Massachusetts bannings sale of flavored vaping and tobacco products


New law signed by Republican governor will also prohibit menthol cigarettes and places a 75% excise tax on e-cigarettes

Massachusetts has adopted America’s toughest ban on sales of flavored tobacco and vaping products, including menthol cigarettes, in response to a rise in youth vaping and an outbreak of vaping-related serious lung injuries.

Charlie Baker, the Republican governor, signed into statute legislation passed by the state’s Democrat-controlled legislature earlier this month that also places a 75% excise tax on e-cigarettes.

Several other countries have recently adopted emergency forbids on sales of flavored vaping products amid a nationwide outbreak of lung traumata among e-cigarette users and concerns about the growing popularity of the products among high school and middle school students.

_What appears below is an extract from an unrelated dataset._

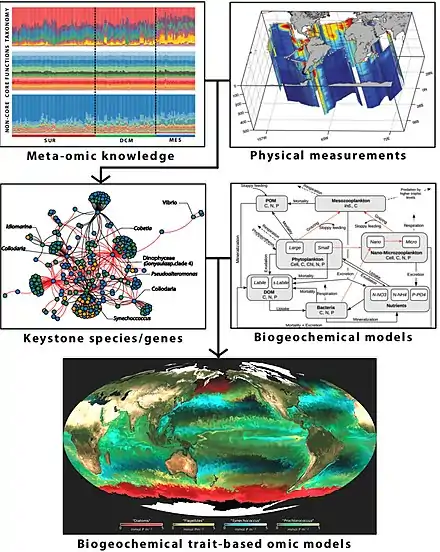 Modified text was copied from this source, which is available under a Creative Commons Attribution 4.0 International License. - Karsenti, E.; Acinas, S.G.; Bork, P.; Bowler, C.; De Vargas, C.; Raes, J.; Sullivan, M.; Arendt, D.; Benzoni, F.; Claverie, J.M.; Follows, M. (2011). "A holistic approach to marine eco-systems biology". PLOS Biology. 9 (10): e1001177. doi:10.1371/journal.pbio.1001177. PMC 3196472. PMID 22028628.
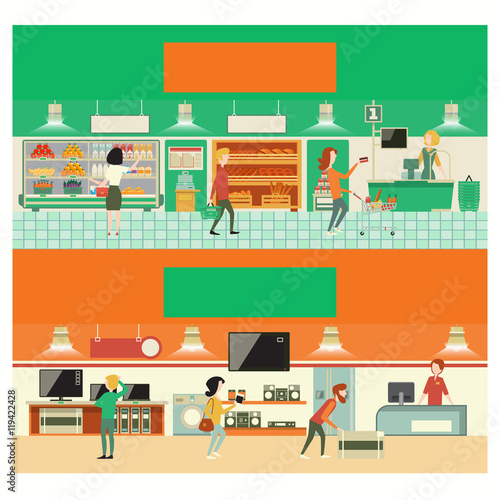 Vector restaurant interior set with receptionist, visitors having dinner, waiter and waitress taking order and serving meals. Flat style design illustration.

The American Cancer Society and the Campaign for Tobacco-Free Kid say Baker’s signature induces Massachusetts the first to enact a permanent statewide banning. It immediately bans sales of flavored vaping products and will proscribe sales of menthol cigarettes starting 1 June 2020.

” We remain committed to done everything we can to protect the public health ,” Baker said during a news conference.

The law was legislated amid public alarm over a mysterious US vaping-related respiratory illness that has sickened virtually 2,300 people and resulted in 47 deaths, according to government officials.

Health officials investigating the lung injuries have identified vitamin E acetate, believed to be used as a cutting agent in illicit vaping products containing marijuana components, as a” chemical of concern” in the outbreak.

The outbreak has coincided with the rising popularity of flavored vaping products among underage users, generating very concerned about a new generation of Americans becoming addicted to nicotine products.

More than 27.5% of American high school students use e-cigarettes, up from 20.7% in 2018, are in accordance with a recent U.S. government study.

Donald Trump’s administration in September said it would unveil a sweeping outlaw on most e-cigarette and vaping flavors. Concerns about the potential loss of jobs have prompted Trump, a Republican, to revisit the issue.

Baker said nations can only do so much to regulate vaping, but” regrettably it’s becoming increasingly clear the federal government is not going to act decisively “.

The Vapor Technology Association, a vaping industry trade group that unsuccessfully challenged Baker’s earlier vaping marketings banning in tribunal, signaled its opposition in a statement issued when the Massachusetts senate passed the legislative ban.

” Bans don’t work; they never have ,” Tony Abboud, the group’s executive director, said.